In conjunction with the Society for French Studies, we are expanding our Research Monographs in French Studies series from AY 17/18. The RMFS titles, in their distinctive red livery, go back to 1996 and have a formidable reputation. Edited in turn by Michael Moriarty, Ann Jefferson and now Diana Knight, the series has specialised in shorter, highly focused monographs. We plan now to raise the capacity of the series, which currently runs at about 4 titles per year, to allow us to accept more material, and some of that expansion will include the acceptance of longer monographs (of up to 85,000 words). Proposals from authors are welcome.

Jonathan Long, general editor of Legenda, writes:

We are delighted to be continuing and developing our long-standing relationship with the Society for French Studies, and look forward to working with the RMFS editors to publish more of the outstanding research for which the series has become known.

Book coverAnd with that announcement made, today we can also announce the forthcoming publication of Laforgue, Philosophy, and Ideas of Otherness, by Sam Bootle. This will be RMFS 54, which may not sound like a milestone sort of number, but it will be a significant moment all the same: it's the first longer RMFS title. It is also, we believe, the first full-length study of Laforgue in English for 25 years, and rather than being Laforgue-west (influence on Ezra Pound, T. S. Eliot, etc.), here we have Laforgue-east. It's sometimes forgotten that Laforgue spent five years in Berlin in the 1880s: considering that he died at just 27, this period was in fact most of his creative lifetime. It was in Germany that he contracted the disease of philosophical pessimism, or so it would have seemed to some of his French contemporaries.
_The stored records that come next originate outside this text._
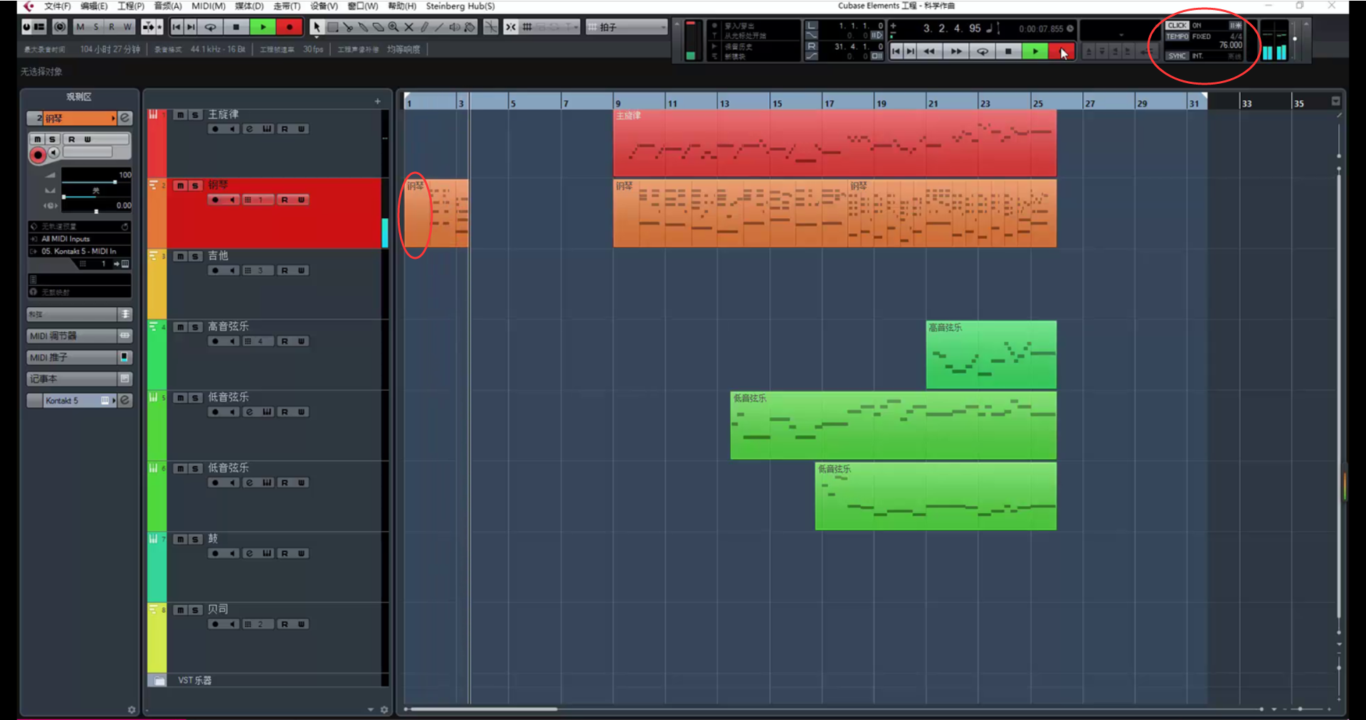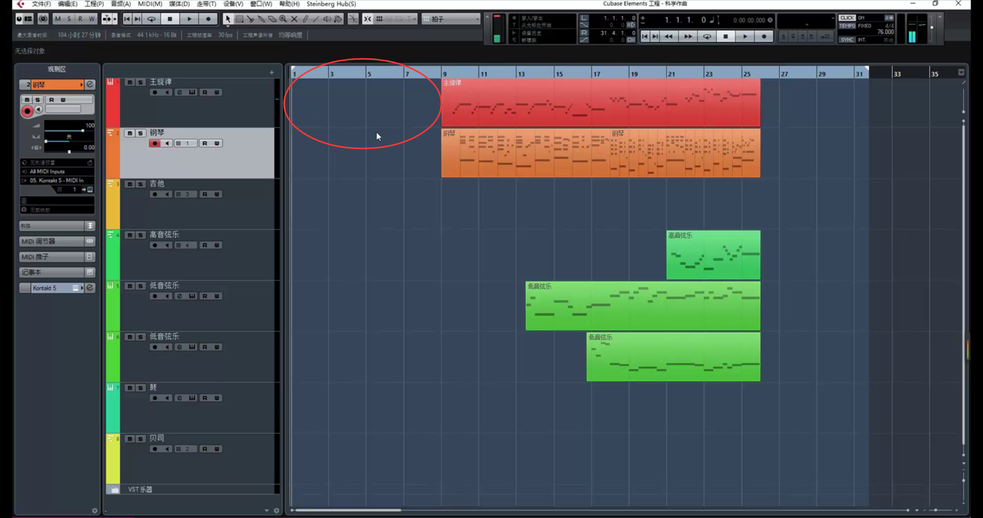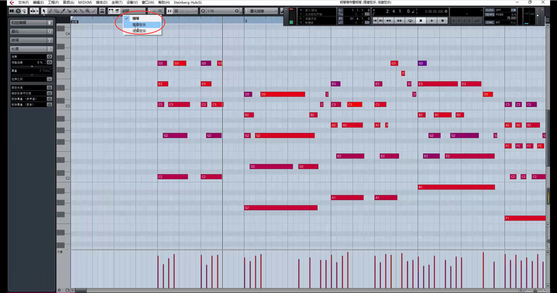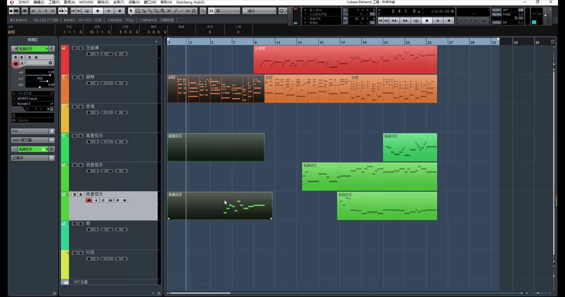 看着前奏和声,配低音弦乐: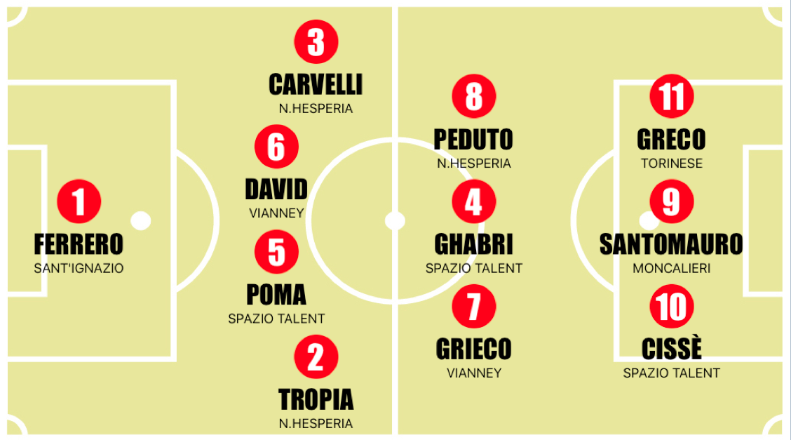 Una prima parte di stagione elettrizzante, colpi di scena ad ogni giornata e diverse squadre in lizza per un posto ai play off. È questa la situazione dell’entusiasmante girone B dell’Under 17 di Torino, in cui la lotta per il titolo sembra sia un affare a due tra Nichelino Hesperia e Spazio Talent, mentre per l’ultimo gradino del podio la classifica vede ben 8 squadre in soli sei punti. Nulla però è ancora finito, le sorprese sono sempre dietro l’angolo. Per quanto riguarda invece la top 11, ecco i migliori di questa prima parte di stagione, ruolo per ruolo.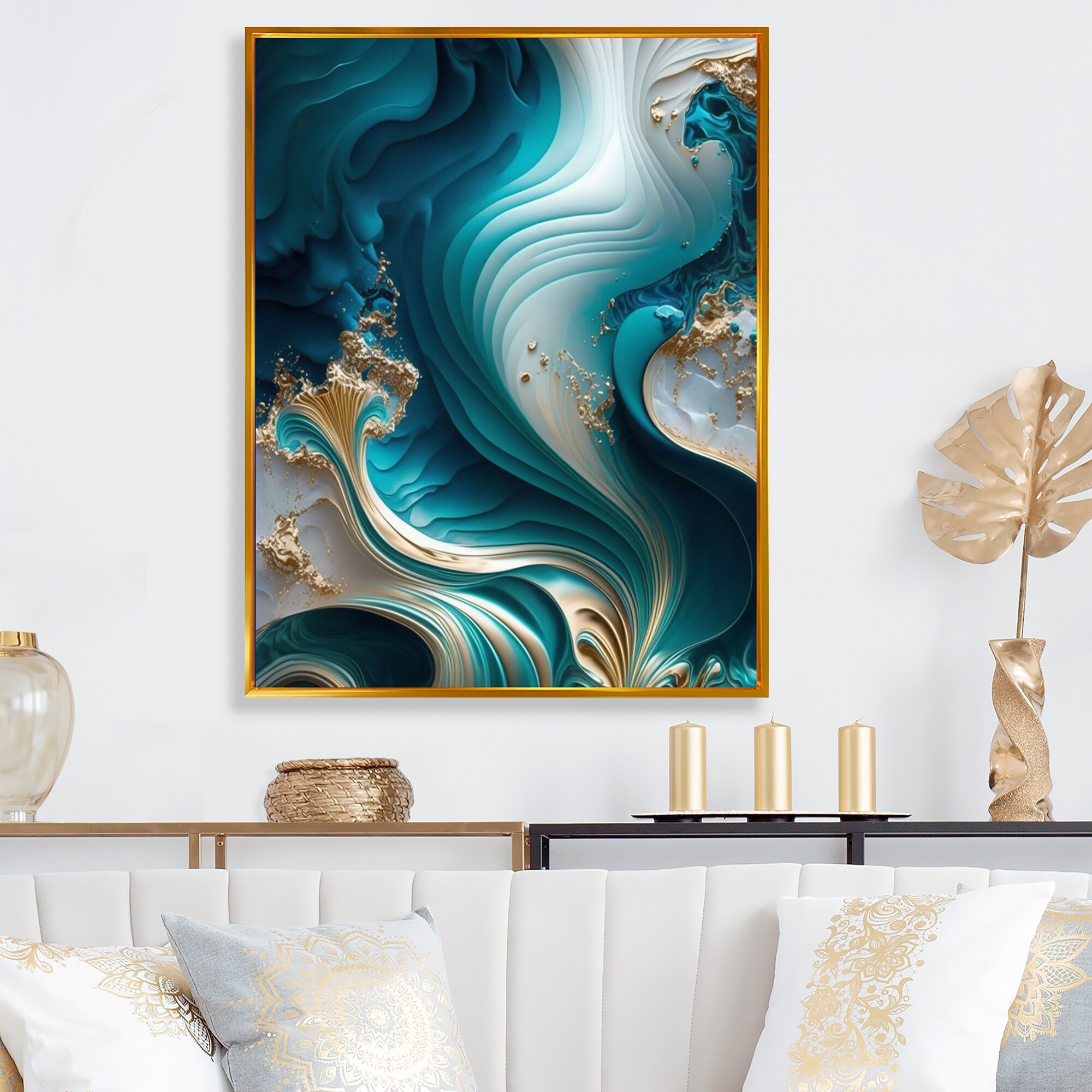 Designart "Abstract Geode Turquoise III" Marble Abstract Framed Canvas Art Print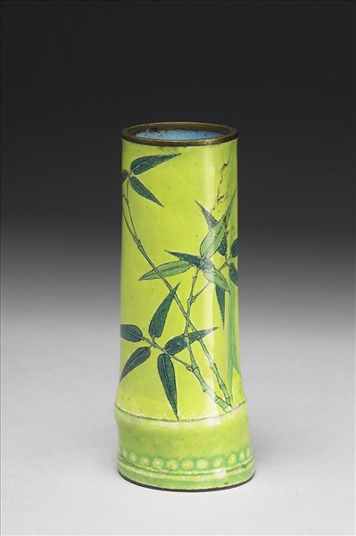 銅胎畫琺瑯,口緣與圈足露胎,足部釉層些微剝落。仿竹節小瓶,直口,深腹向下略闊,平底。器身施黃至綠色釉,有深淺交互變化,展現植物自然色澤,上繪含葉竹枝一段。器裡施淺藍色釉,底黃地繪盛靈芝花瓶,瓶上紅書「雍正年製」楷款。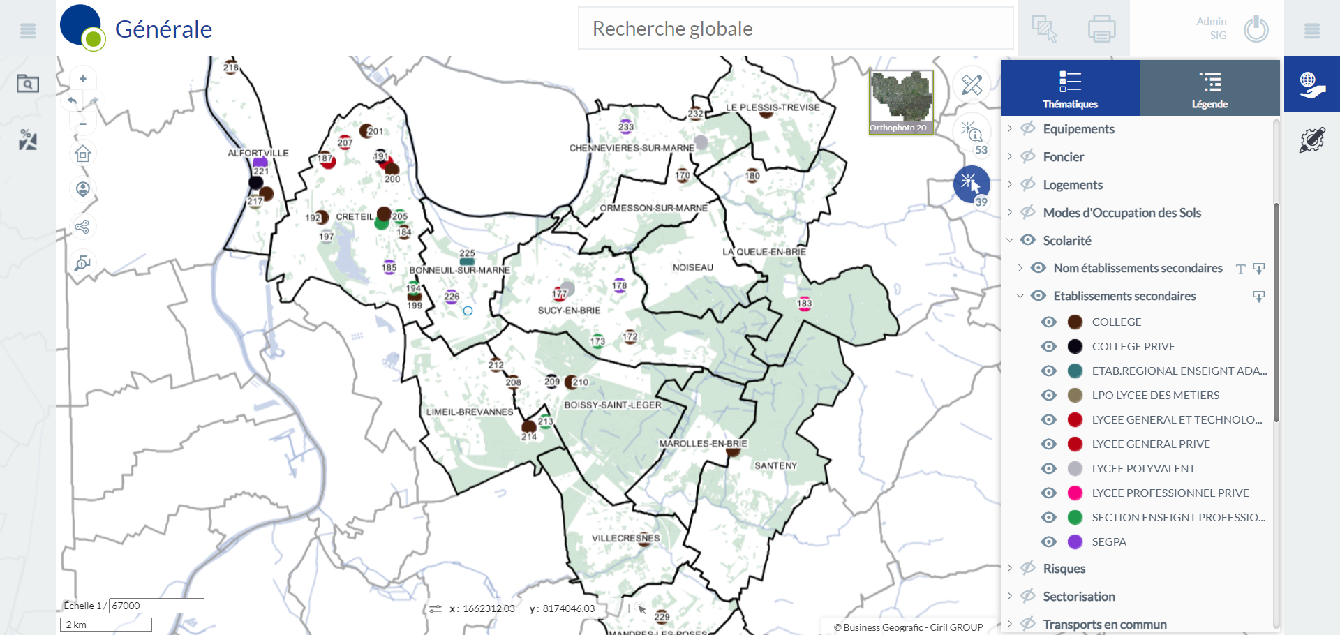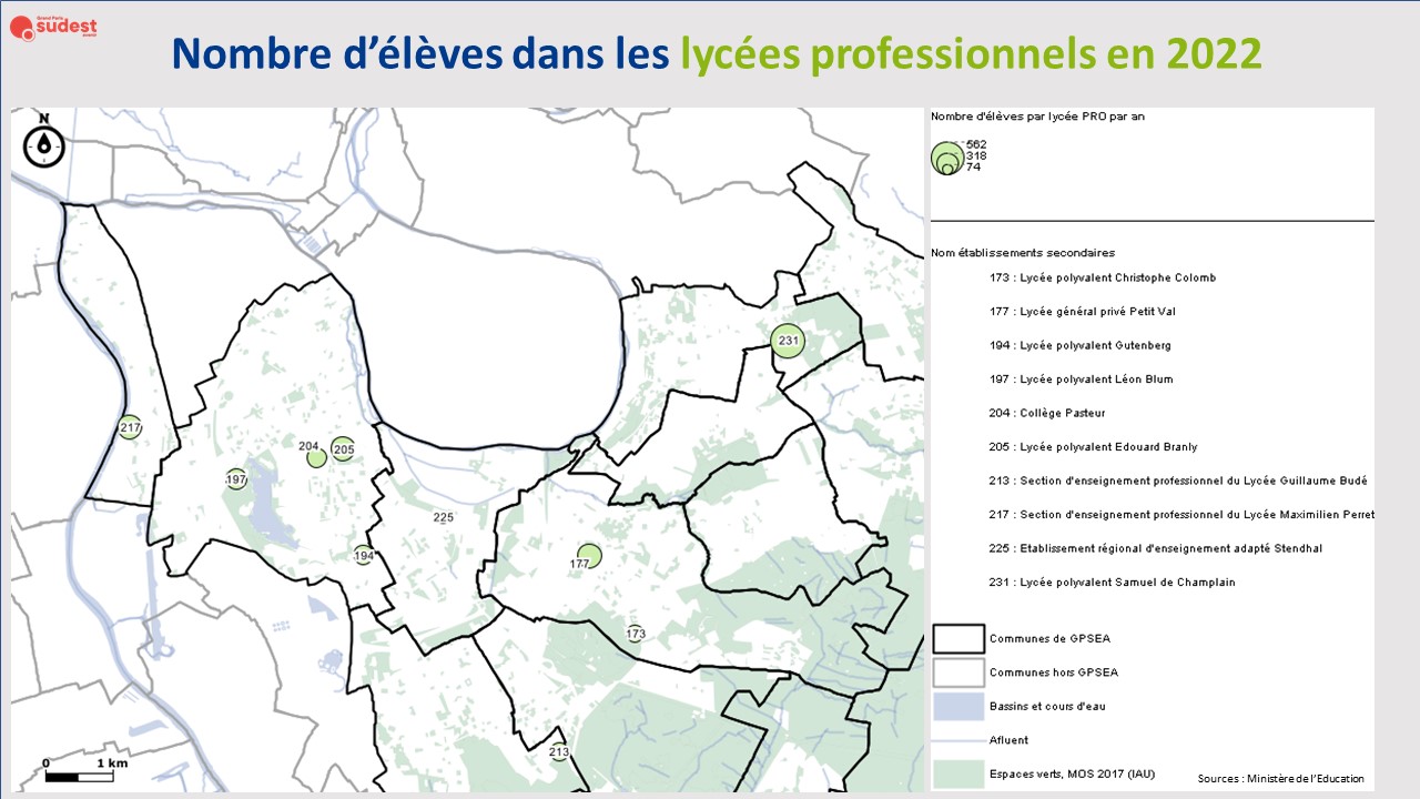 | Etablissements secondaires | Février 2024 | Oui : points | Localisation des établissements secondaires sur le territoire. Associée aux effectifs par année et par établissements. | Les établissements sont distingués par leur secteur. |

So it's good to have a dynamic cover image. Schopenhauer, or at any rate a thinly disguised fictional Schopenhauer, is either louchely sprawled across the floor or else falling headlong from the sky. Some suggestion that he may be a lecherous old goat is provided by the other legs in frame, which — but perhaps it's unfair to draw conclusions. As Suzanne Vega once put it,

Over there the petticoats of ladies of virtue,
You can hardly tell them from the petticoats of sin.

The caricature is from a playbill for a play called 'Lulu' by Felicien Champsaur (1858–1934). As Sam comments, cartoons or drawings of Schopenhauer are surprisingly hard to find now, and in spite of the great man's demonisation, it's not easy to find a demonic portrait. But I think this qualifies.